ABOUT THE BARNES FOUNDATION
The Barnes Foundation was established by Albert C. Barnes in 1922 to “promote the advancement of education and the appreciation of the fine arts and horticulture.” The Barnes holds one of the world’s finest collections of impressionist, post-impressionist and early modern paintings, with extensive works by Pierre-Auguste Renoir, Paul Cézanne, Henri Matisse, Pablo Picasso, Henri Rousseau, Amedeo Modigliani, Chaim Soutine, and Giorgio de Chirico; works by American masters Charles Demuth, William Glackens, Horace Pippin, and Maurice Prendergast; Old Master paintings; important examples of African sculpture; Native American ceramics, jewelry, and textiles; decorative arts and ironwork; and antiquities from the Mediterranean region and Asia.
While most collections are grouped by chronology, style, or genre, art at the Barnes is arranged in ensembles structured according to light, line, color, and space—principles that Dr.
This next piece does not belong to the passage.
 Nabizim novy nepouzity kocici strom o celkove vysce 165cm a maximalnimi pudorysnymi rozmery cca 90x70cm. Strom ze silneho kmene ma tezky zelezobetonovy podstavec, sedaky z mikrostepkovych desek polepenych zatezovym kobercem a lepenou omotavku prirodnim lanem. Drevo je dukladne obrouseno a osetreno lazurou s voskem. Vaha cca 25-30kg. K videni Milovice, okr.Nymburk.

Barnes called “the universal language of art.” The Foundation’s programs include First Fridays, young professionals nights, tours, tastings, and family programs, as well as Barnes–de Mazia Education Program courses and workshops. These programs advance the Foundation’s mission through progressive, experimental, and interdisciplinary teaching and learning. The Barnes Foundation is open Wednesday–Monday, and tickets can be purchased on-site, online, or by calling 215.278.7200. Ticket prices and current hours are listed on our website.
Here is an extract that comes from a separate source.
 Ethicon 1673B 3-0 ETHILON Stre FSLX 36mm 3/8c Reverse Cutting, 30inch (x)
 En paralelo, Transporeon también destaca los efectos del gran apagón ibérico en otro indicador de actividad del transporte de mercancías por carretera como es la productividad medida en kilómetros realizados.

The Barnes Arboretum in Merion contains more than 2,500 varieties of trees and woody plants, many of them rare. Founded in the 1880s by Joseph Lapsley Wilson and expanded under the direction of Laura Leggett Barnes, the living collections include 40 state champion trees, a Chinese fringe tree (Chionanthus retusus), a dove tree (Davidia involucrata), a monkey-puzzle tree (Araucaria araucana), and a coast redwood (Sequoia sempervirens). Other important plant collections include lilacs, peonies, Stewartias, ferns, medicinal plants, hostas, and magnolias. The Horticulture Education Program has offered a comprehensive three-year certificate course in the botanical sciences, horticulture, garden aesthetics, and design since its establishment in 1940 by Mrs. Barnes. The arboretum also offers horticulture workshops and lectures and is open to the public Saturday–Sunday during the summer months. Tickets can be purchased on-site, online, or by calling 215.278.7200. Ticket prices and current hours are listed on our website.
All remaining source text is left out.